Type 3- 2s!!, 6s, 7s, other 3s
Type 4- 1s, 5s, 7s, possible 9s
Type 5- 3s, 4s, 6s
Type 6- 2s, 7s(attractive but dangerous vibe ), 8s (9s are nice and I adore them, but 6's need a more decisive mate I think). I could see two 6s together as well, maybe one is more phobic.
Type 7- types 1-9 :tongue:; No...2s, 3s, 4s, 6s
Type 8- 2s, 4s (ok fine, their will be an initial strong attraction but I think this is a dangerous pair), 6s, 9s (but can see annoyance coming from both sides...like a type A vs Type B personality clash but sometimes those are the best relationships).
Type 9- 1s, 2s, 4s, possible 6, perhaps 8 

Notice that type 2s have lots of options. I think they are a very attractive type that mesh well with most. I think 6s mesh well with other types as well because there is so much variability within the type. Anyone who is with a type 6 WILL have to put up with the initial ambivalence and testing of the 6. If they love/adore the 6...they will . It is also said that type 6's are usually physically attractive because they make the effort, thus may give 6's more options initially. (3's similar in this way). Type 3's are also super charming and 7's are just plain fun so they usually have a plethora of mates to choose from.

I'm a type 6w7 (varies sometimes 6w5) married to an 8w7 we mesh well. My tritype is 649 his is 835 (835's are wow!). We hit it off really fast and he has said he has never felt this close to anyone else (I agree, but I was much slower to warm). Although when 6s and 8s butt heads, get the popcorn out. An angry 6, especially with a 5 wing, has a serpent's tongue and if pushed to that point the wrath of 8 vs nasty,vicious 6 will be a throw-down. 6s usually seek peace and security so it won't happen often (when they finally learn how to tame their lion 8 . I will tell you one type I know for sure would get on my nerves as a spouse (not friend)...TYPE 3s! It's said that type 6s disintegrate to type 3s when unhealthy, I wonder if it's common to clash with the type you become when unhealthy...but that would not jive with my type 2 and type 8 pairing. Maybe it's bc I'm an INFP and I don't have the same values as 3s.

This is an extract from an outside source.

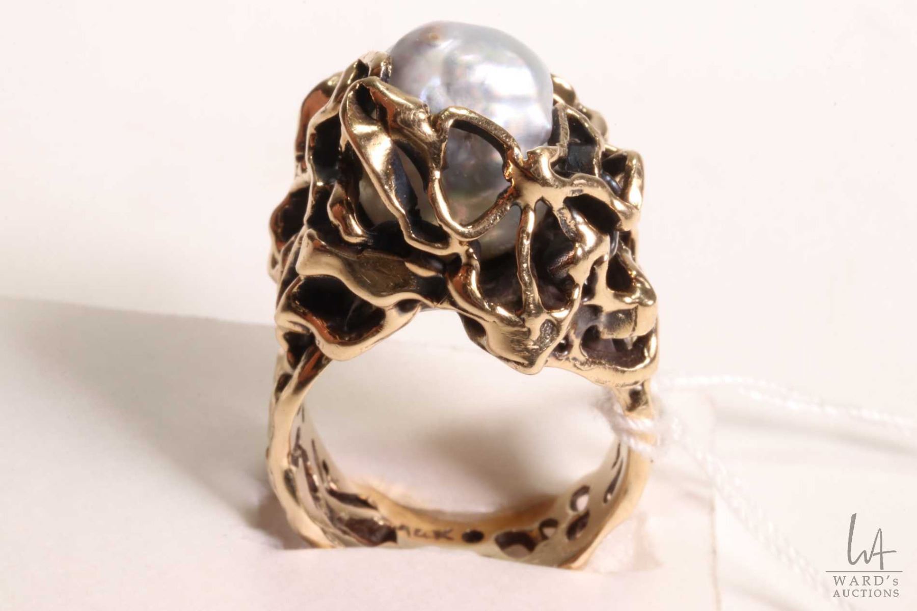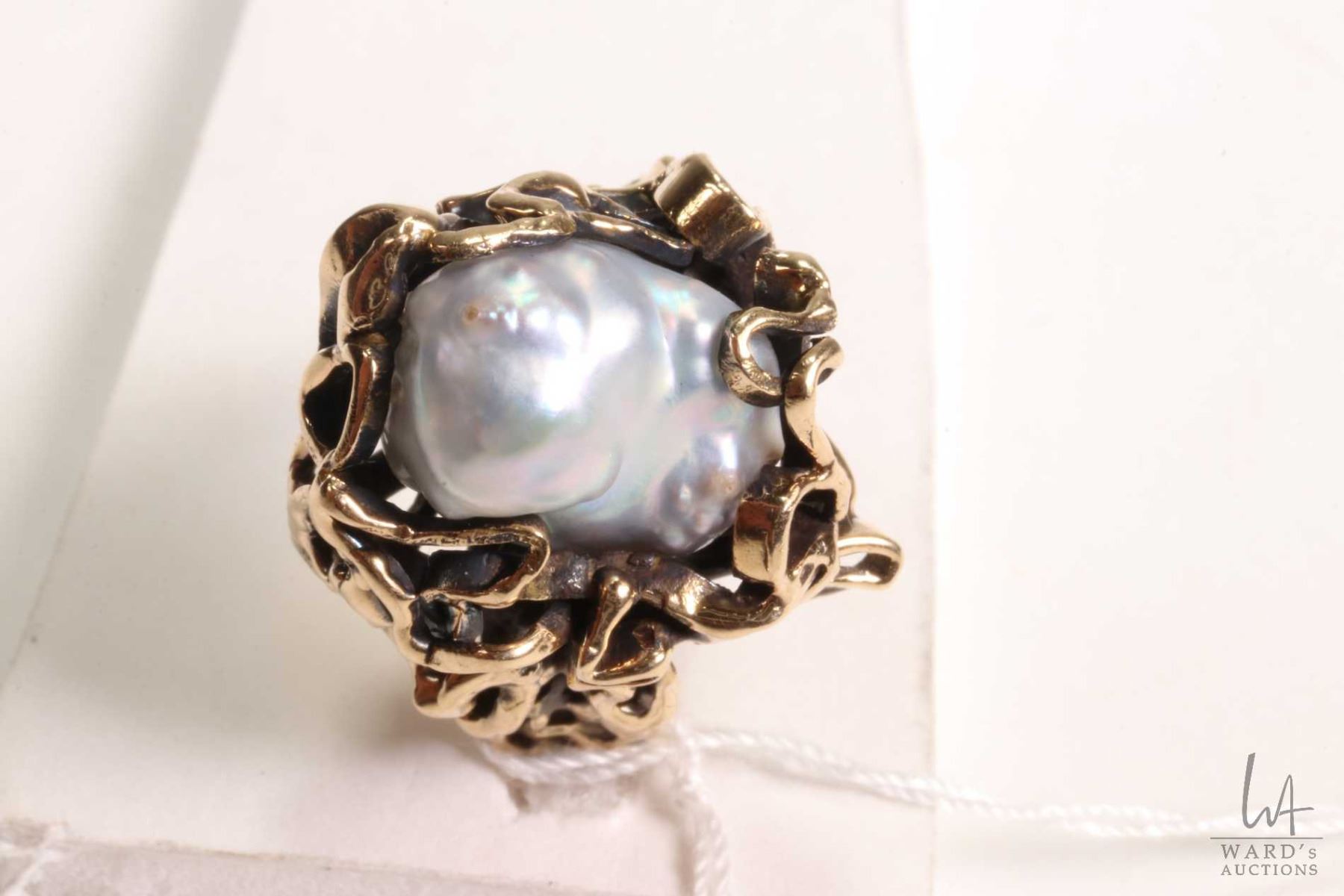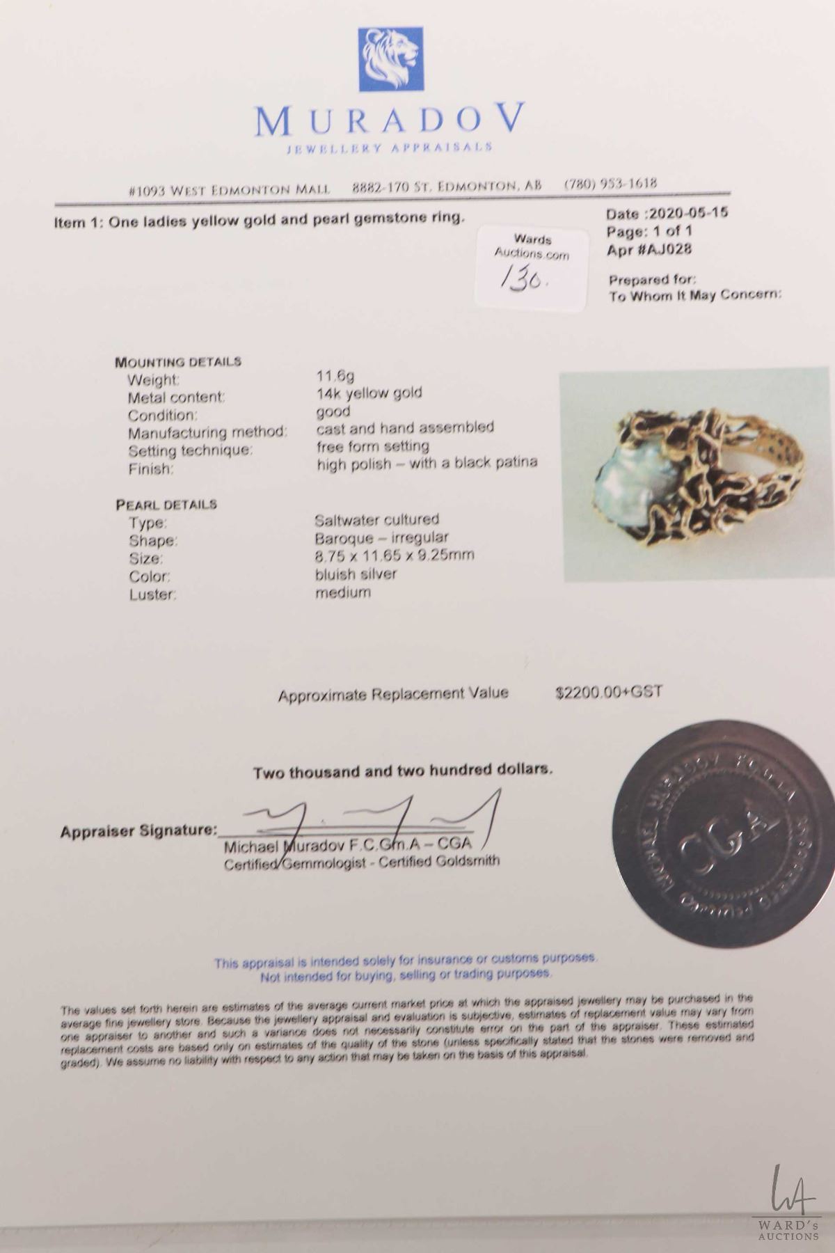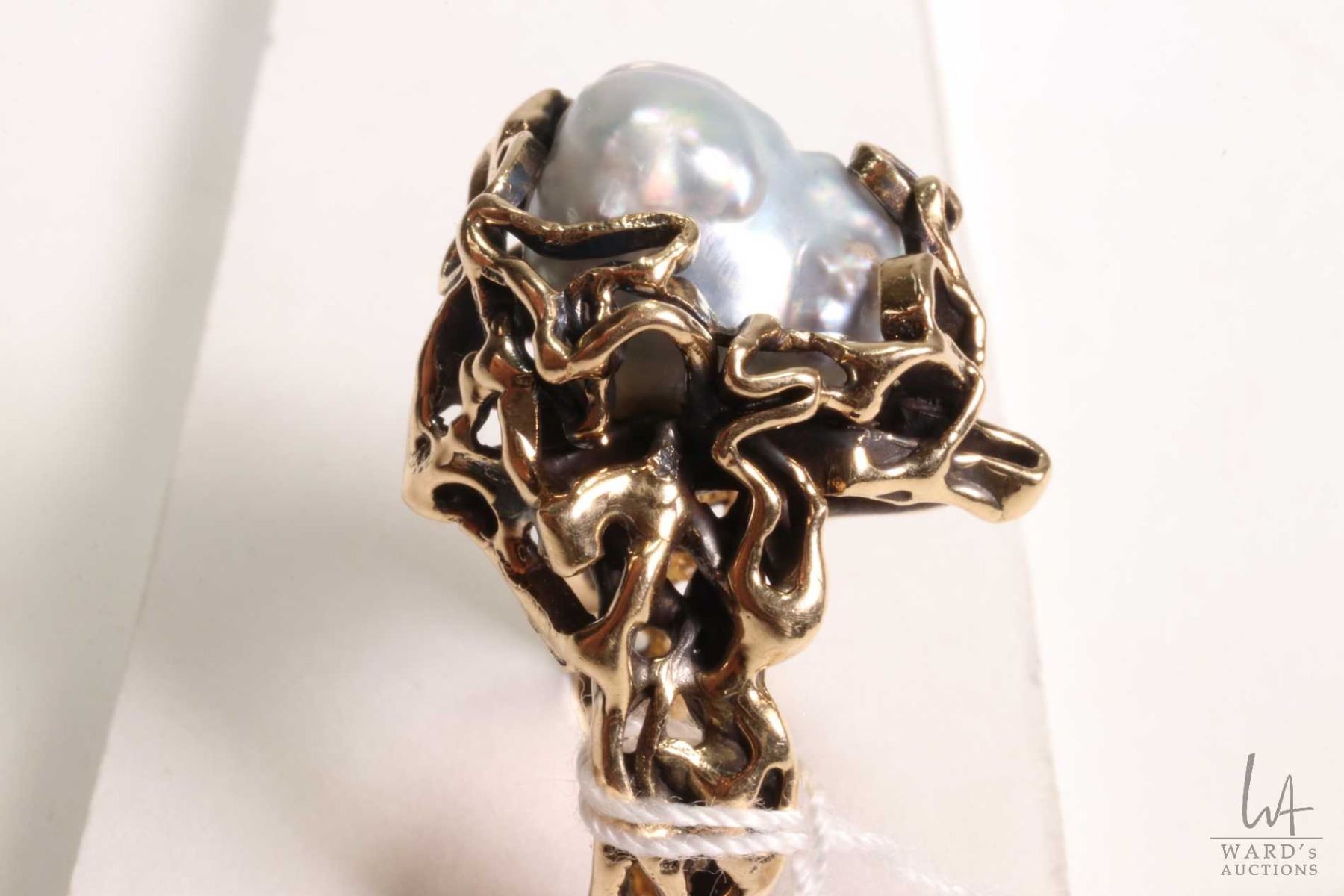 14kt yellow gold ring set with large bluish silver baroque-irregular saltwater cultured pearl 8.75 X 11.65 X 9.25 mm. Retail replacement value $2,200.00
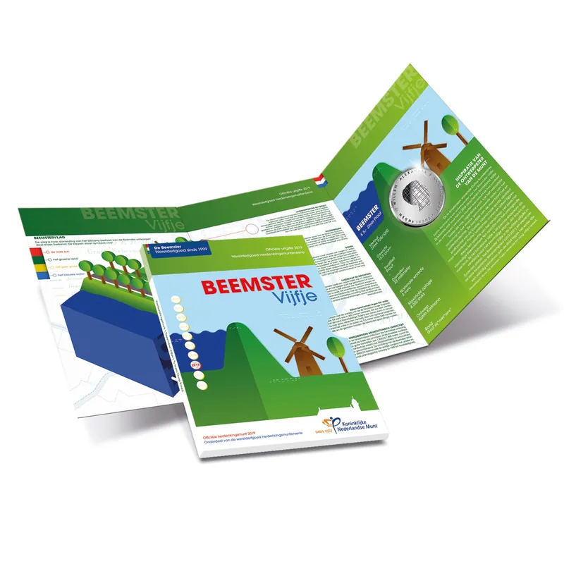 Aanleiding uitgifteSinds 2012 wordt er ieder jaar een bijzondereherdenkingsmunt uitgegeven in het teken van het Nederlands Werelderfgoed. Het Koninkrijk der Nederlanden heeft sinds 2014 tien door UNESCO erkende wereld­erfgoederen, waarvan de Koninklijke Nederlandse Munt inmiddels al zeven op een herdenkingsmunt heeft verzilverd. Nu is het dan tijd voor de achtste uitgifte: Het Beemster Vijfje!Het Beemster Vijfje vertelt het verhaal van de historische droogmakerij in de provincie Noord-Holland, waar de Nederlanders grote delen land drooglegden en omzetten in vruchtbare landbouwgrond. Dit jaar viert Droogmakerij de Beemster alweer het 20-jarig jubileum als UNESCO werelderfgoed!Staat u onder water?Op het ontwerp van de verpakking is een doorsnede van het landschap van De Beemster te zien; met water dat wordt tegengehouden door een dijk. Naast de dijk staat een molen, waarmee in de zeventiende eeuw De Beemster werd drooggelegd. De doorsnede benadrukt dat iedereen in De Beemster onder de zeespiegel leeft. Een unieke gewaarwording, welke symbool staat voor de drooglegging van het Beemstermeer en het belang van onze Nederlandse dijken. Wanneer de dijken doorbreken is er zomaar een kans dat ook uw woonplaats onder water komt te liggen. Bij iedere bestelling van één van de herdenkingsmunten van De Beemster, krijgt u een gratis NAP kaart, waarop u kunt zien of uw woonplaats onder de zeespiegel ligt.Let op: zolang de voorraad strekt!Ontworpen door Katrin KorfmannDe in Amsterdam wonende Duitse kunstenares Katrin Korfmann is de ontwerpster van het Beemster Vijfje. Zij tekende ook voor het in 2018 verschenen Schokland Vijfje. In de ontwerpen van beide munten benadrukt ze het contrast­ tussen de vrije, organische vorm van het natuurlijke landschap en het strakke, geconstrueerde raster van het polderlandschap. De voorzijde van de munt toont het en profil portret van de Koning, kijkend naar rechts: abstract maar herkenbaar. Portret, landschap, iconen en letters liggen dieper ten opzichte van het landschap, net zoals het voormalige Beemstermeer ten opzichte van het omringende oude land. Bij het Schokland Vijfje was dit precies andersom als verwijzing naar het voormalige eiland, dat boven de Zuiderzee uitstak. Voor de typografie werkte Korfmann samen met Céline Hurka.

OT: type 9s are probably the most liked IMO both in friendship and relationship-wise, how can you not like such a carefree, accepting, genuine type? Just being around them is soothing.


----------



## StaceofBass (Jul 1, 2012)

As a type 9, I tend to find Type 3 very...enticing. 

:blushed:


----------



## StaceofBass (Jul 1, 2012)

MelanieM said:


> OT: type 9s are probably the most liked IMO both in friendship and relationship-wise, how can you not like such a carefree, accepting, genuine type? Just being around them is soothing.


:bored:

Thanks... :blushed:


----------



## hz light (Nov 7, 2013)

Klaude said:


> What odds do you give a 5 and 2?? Seems like there's some potential there.


maybe there is some chance to these types create a relationship let me see,both have a certain compliance,competency and independency so maybe it could work(6w7,9w1,4w5).


----------



## Teen Rose (Aug 4, 2018)

Miracles seeker said:


> Fore sevens:
> 4's (we always attract each other)
> 9 (they fallow our planes and most of my friends are 9’s)
> 3 (I’m attracted to their ambition and their attitude)
> ...


so true! iam attracted to 7s and they too! But they are not committing!


----------